Embedded Design Insights: Component Addition Risks

1. If the added component affects circuit timing, it is best not to add such devices.
2. Adding ESD protection devices on the bus clock signal line without proper capacitance control can distort the clock signal waveform, affecting normal communication;
3. Adding a 22Ω resistor at the bus source end is a common design method, but the overall bus circuit must be considered. If a 22Ω resistor is already placed on the core board, there is no need to add another in series on the bottom board, or it may cause abnormal operation.

Boot Phase Flicker

1. Phenomenon Description

The device exhibits flickering during the BootLoader and kernel stages after power on.

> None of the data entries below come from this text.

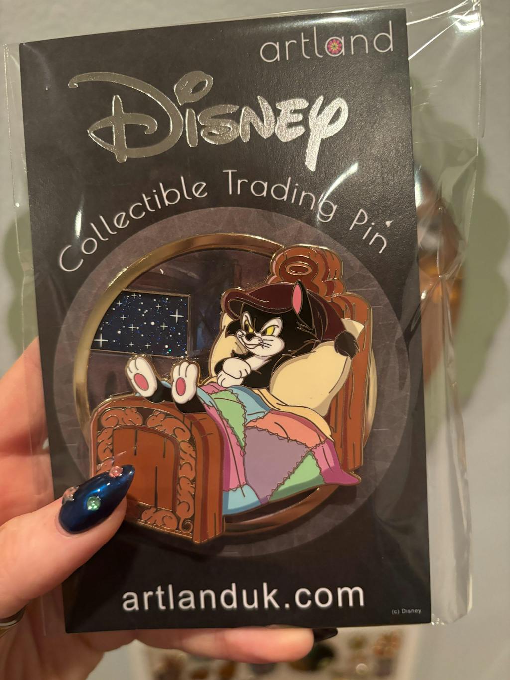 Interrupted Cat Nap is a pin on pin design featuring Figaro looking grumpy in his little bed and patched blanket as a pin layer on top of a background of Gepetto's home with a window to a beautiful, glittering night sky.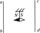 如图所示,ab、cd是两根在同一竖直平面内的直导线,在两导线中央悬挂一个小磁针,静止在同一竖直平面内.当两导线中通以大小相等的电流时,小磁针N极向纸面里转动,则两导线中的电流方向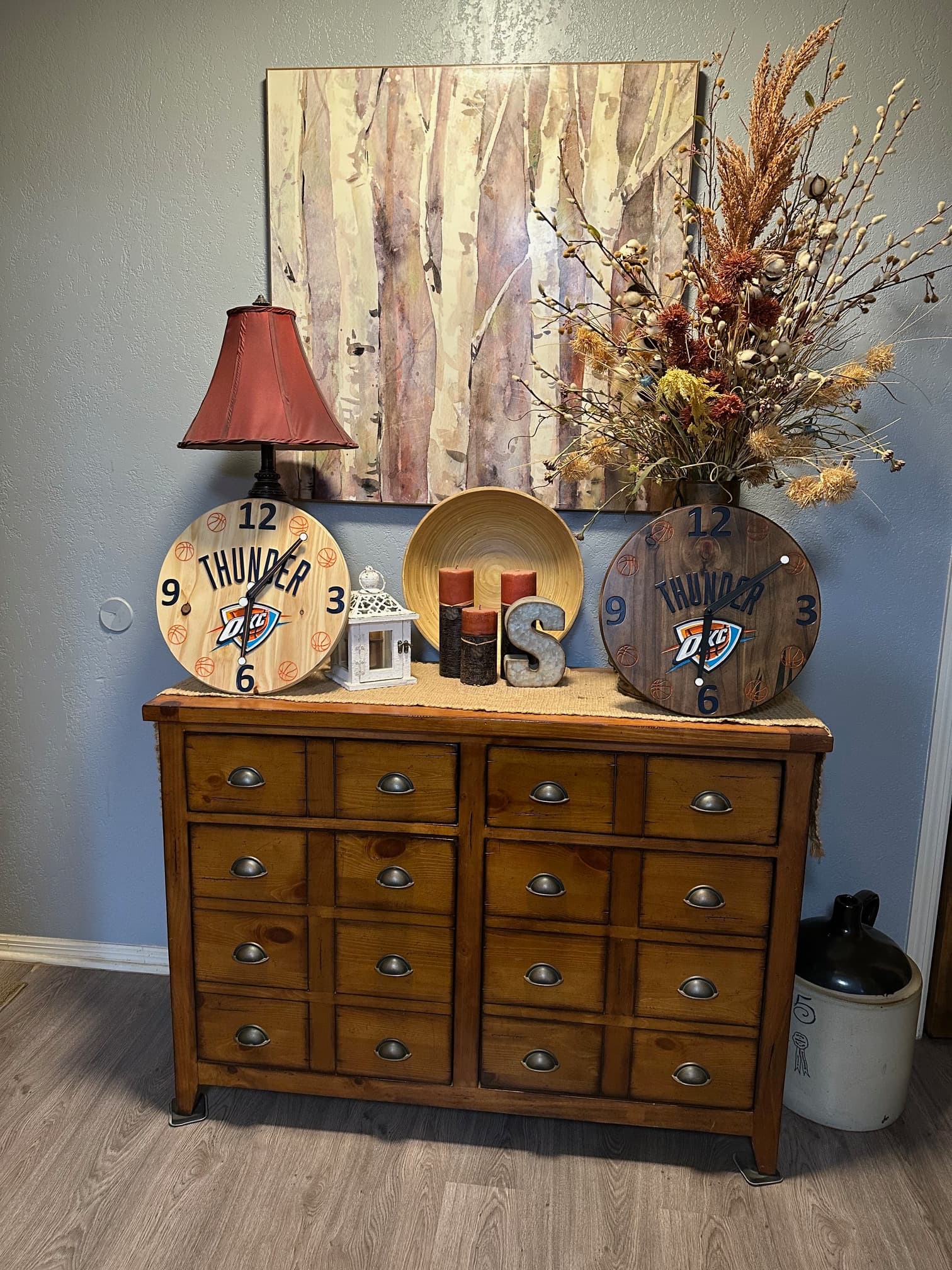 I recently tried my hand at a few clocks to be donated at work so they could be rallied off. The clocks are made from some standard pine stool top blanks you can purchase from Lowes for around $10. The colors inside the team insignia had to be hand painted along with the clock hands which were 3D printed. I’m not really very good at the whole detail painting thing, took so much more time that the actual cutting on the Pro5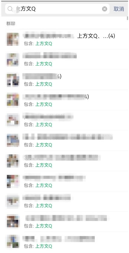 只需要在微信首頁搜索框輸入自己的昵稱,然后在搜索結(jié)果的群聊部分,點(diǎn)擊“更多群聊”,就可以一覽無余了。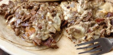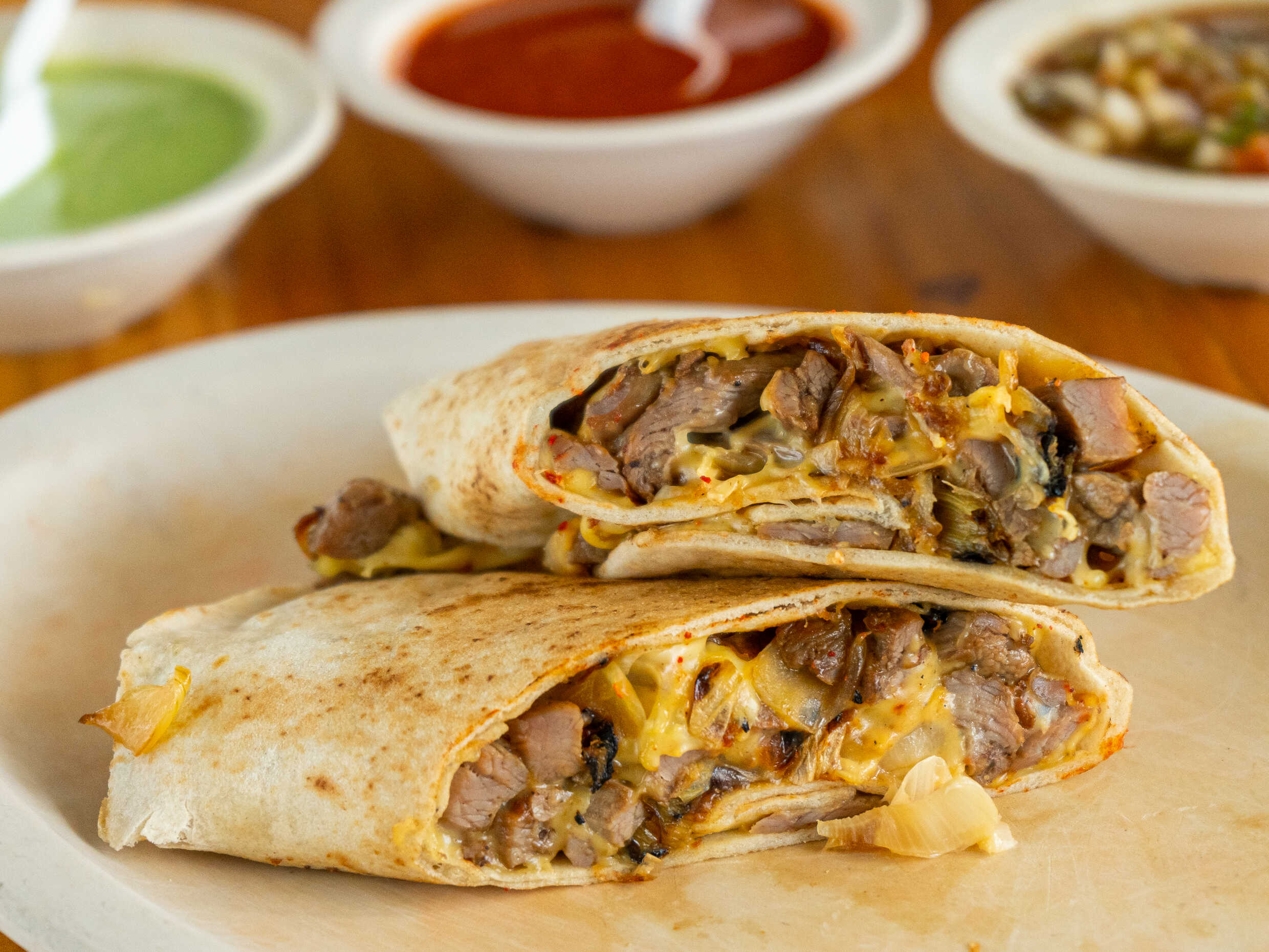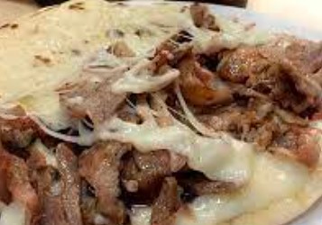 250 g de pastor con queso, cebolla, cilantro y piña al gusto.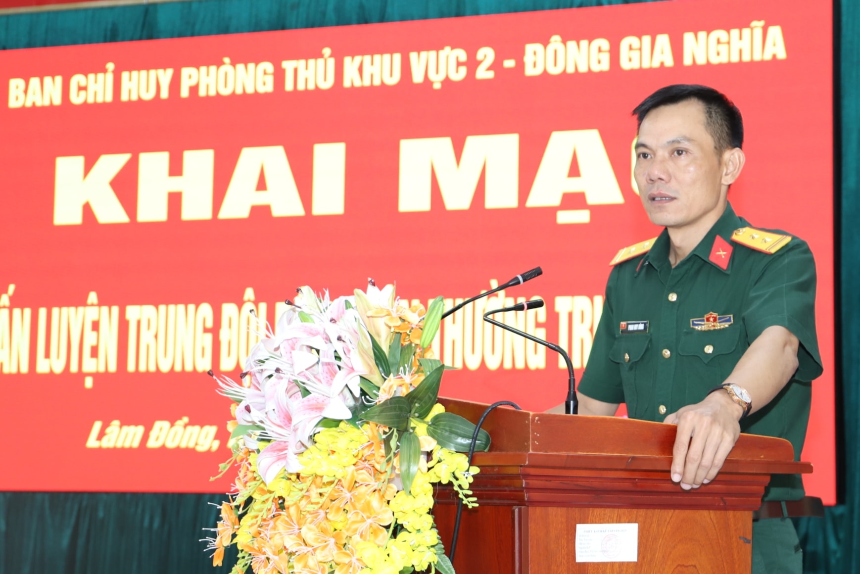 Phát biểu tại lễ khai mạc, Trung tá Phan Huy Hùng, Chỉ huy trưởng Ban Chỉ huy Phòng thủ Khu vực 2 - Đông Gia Nghĩa yêu cầu lực lượng dân quân thường trực quán triệt mục tiêu, yêu cầu huấn luyện; nêu cao tinh thần trách nhiệm, ý thức tổ chức kỷ luật; tích cực học tập, rèn luyện, nắm chắc kỹ thuật, chiến thuật, đáp ứng yêu cầu nhiệm vụ trong mọi tình huống.

Starting from the software side, delaying the backlight did not completely solve the issue. Observing with an oscilloscope, there was a noticeable delay in the backlight control section.

Next, analyzing from the hardware perspective, the backlight control circuit of the device is shown in Figure 1. Observing with an oscilloscope, when the device powers on, the LCD_BK pin has a high-level pulse, then maintains a low level, and finally transitions to a 20KHz PWM wave.

2. Analysis Process

Based on the above phenomena, it can be generally determined to be a power-on timing issue. Measurement shows that VDD_5V powers on earlier than VDD_3V3. When VDD_5V powers on, VDD_3V3 is not powered, the system does not start, and the GPIO is in a high state, so the levels of pins 1 and 2 of Q1 are the same, keeping Q1 off. The LCD_BK signal is pulled high by R3, causing the backlight to turn on, and when the system starts, the GPIO outputs a low level, controlling the backlight to turn off, resulting in the flickering phenomenon.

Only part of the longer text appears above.